One of the novel's main ideas is that man's suffering stems from the conflict between the spirit and the flesh. The author conceded later that his initial philosophical approach was too straightforward and explained the way it changed:As I was embarking upon the trilogy Christ and Antichrist, it seemed to me that there were two truths: Christianity, the truth about Heaven, and Paganism, the truth about Earth. I considered the merging of the two as a way of attaining the higher religious truth. As I was finishing it, I knew already that the union of Christ and Antichrist was blasphemous lie. I understood that both truths, those of heaven and Earth, have been already united in Jesus Christ. But now I am also sure that I had to walk this misguiding path to its very end to finally see the truth.
Nevertheless, as later critics noted, every single one of Merezhkovsky's protagonists starting with Leonardo da Vinci, Peter the Great, Alexander I, were "spiritual twins" of Julian, seeking the harmonious unity of spirit and flesh here on Earth.

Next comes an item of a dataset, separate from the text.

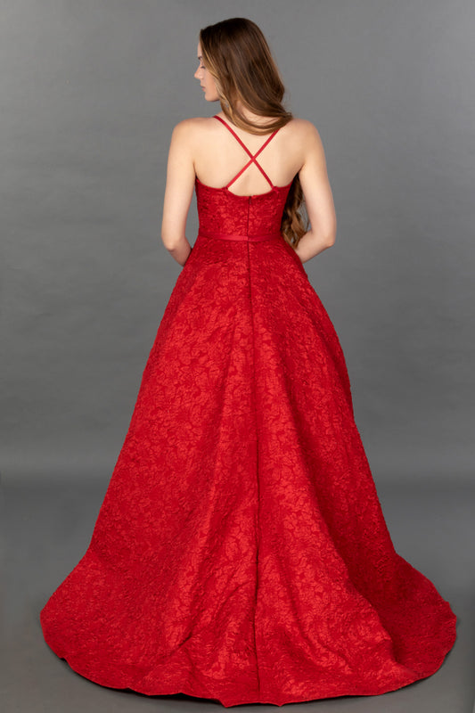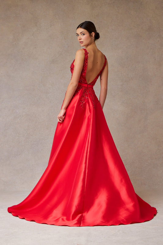 Vestido en Corte A Cuello en V con Bordados Florales, Lentejuelas y Cuenta, Color Red

Of the novels's Nietzschean tendencies, philosopher Ivan Ilyin later wrote:False things are declared true. True things exposed as false. Could this be dialectics? The norm is perverse, perversion is normal. There is a Christian girl who – out of sheer kindness – gives herself to stableman to be debauched. There is a Christian deacon, the altar priest, who puts on a mascara to look as a whore and enjoys dirty erotic adventures in circus. There is a crucifixion, the body of Christ, the head of an ass. There is a holy martyr who spits into the eyes of his executors, pronouncing unholy oaths. Christians who think only how to slaughter the non-Christians. Christ comes as equal to the pagan god Dionysius [...] Witchcraft here resembles the Christian prayer and a prayer sounds more like casting a magic spell. Is this Art? If it is, then it defies all the laws of art. Is it religion? More like godlessness.

==Adaptation==
A Russian movie based on the novel, The Death of The Gods (1916 film), was released in 1916. It is considered a lost film.